Collaboration among various industry participants is progressing, with global distribution channels, reservation system software vendors, hotels, meeting planners and corporate end users all working to bring on line booking of small meetings to fruition. Group booking services, like Worktopia, Groople, Group Travel Planet are working to bring group meeting booking capability on line, while the Global Distribution Systems (GDS’s) are working to add on line group/meeting booking capability to their corporate travel planning tools and on line travel agencies. At the same time, meeting brokers and travel management companies are adding this capability to better serve their client’s small meeting needs. Data switching companies, that provide onward distribution of rate and availability information for thousands of hotels, are also working to create solutions and standards for passing these booking requests and confirmations. Although industry-wide technology standards are not yet firmly in place, the Open Travel Alliance (OTA), which develops open specifications to support electronic exchange, is now working to set standards that will speed adoption and create opportunity for accelerated migration toward on line booking of small meetings.

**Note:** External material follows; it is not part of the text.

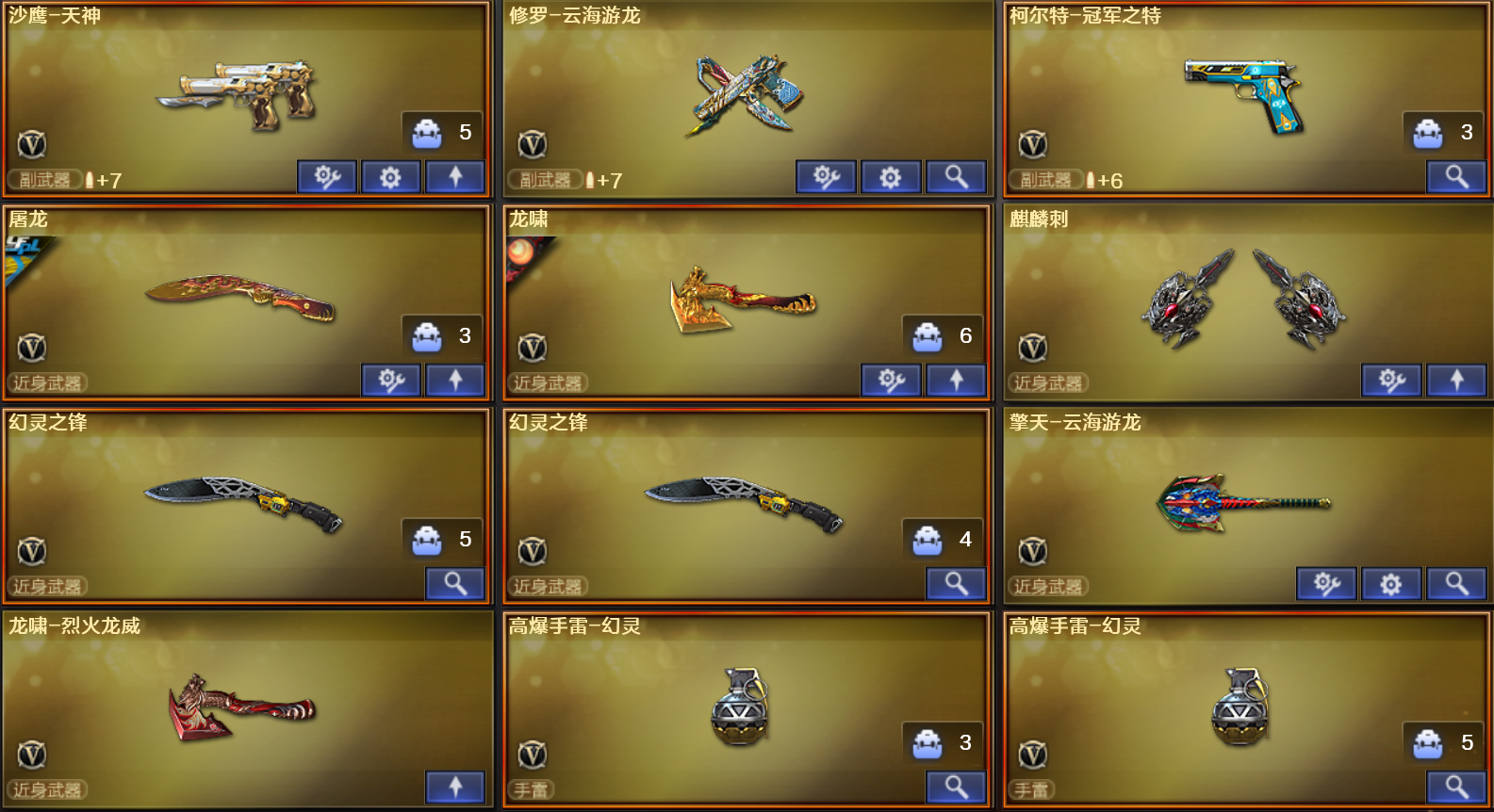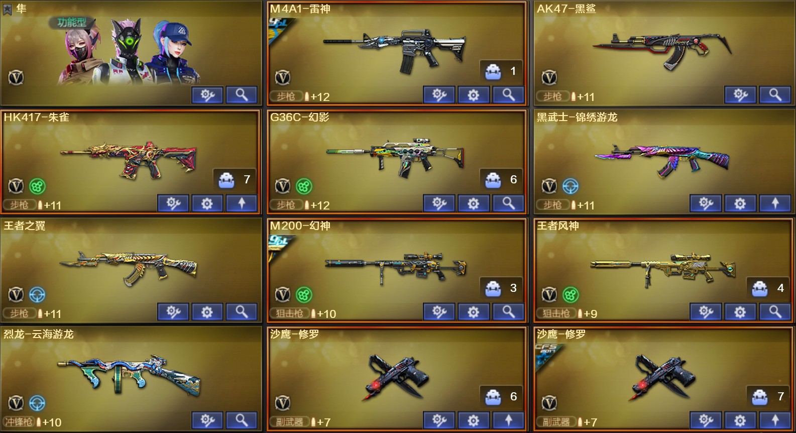 【英雄武器】_M200-幻神/M4A1-雷神/黑骑士-海王/HK417-朱雀/AK47-黑鲨/王者之翼-觉醒版/沙鹰-天神/沙鹰-修罗(2)/柯尔特-冠军之特/麒麟刺/龙啸/屠龙/幻灵之锋(2)/高爆手雷-幻灵(5)/烟雾弹-幻灵(2)/闪光弹-幻灵(3)/G36C-幻影/王者风神-觉醒版/烈龙-云海游龙/修罗-云海游龙/擎天-云海游龙/龙啸-烈火龙威/手雷-云海游龙

With over $175 billion in US meetings business and 2/3 of all meetings being for under 50 participants, the economic and technological forces have converged to move small meeting bookings on line. Whether a hotel is a small independent property at a resort, a city center conference hotel, or a limited service hotel in small market, on line booking of small meetings will mean a more efficient sales process, better customer service and better competitive positioning to those who are first to embrace on line meeting booking and say goodbye to the RFP for small meetings.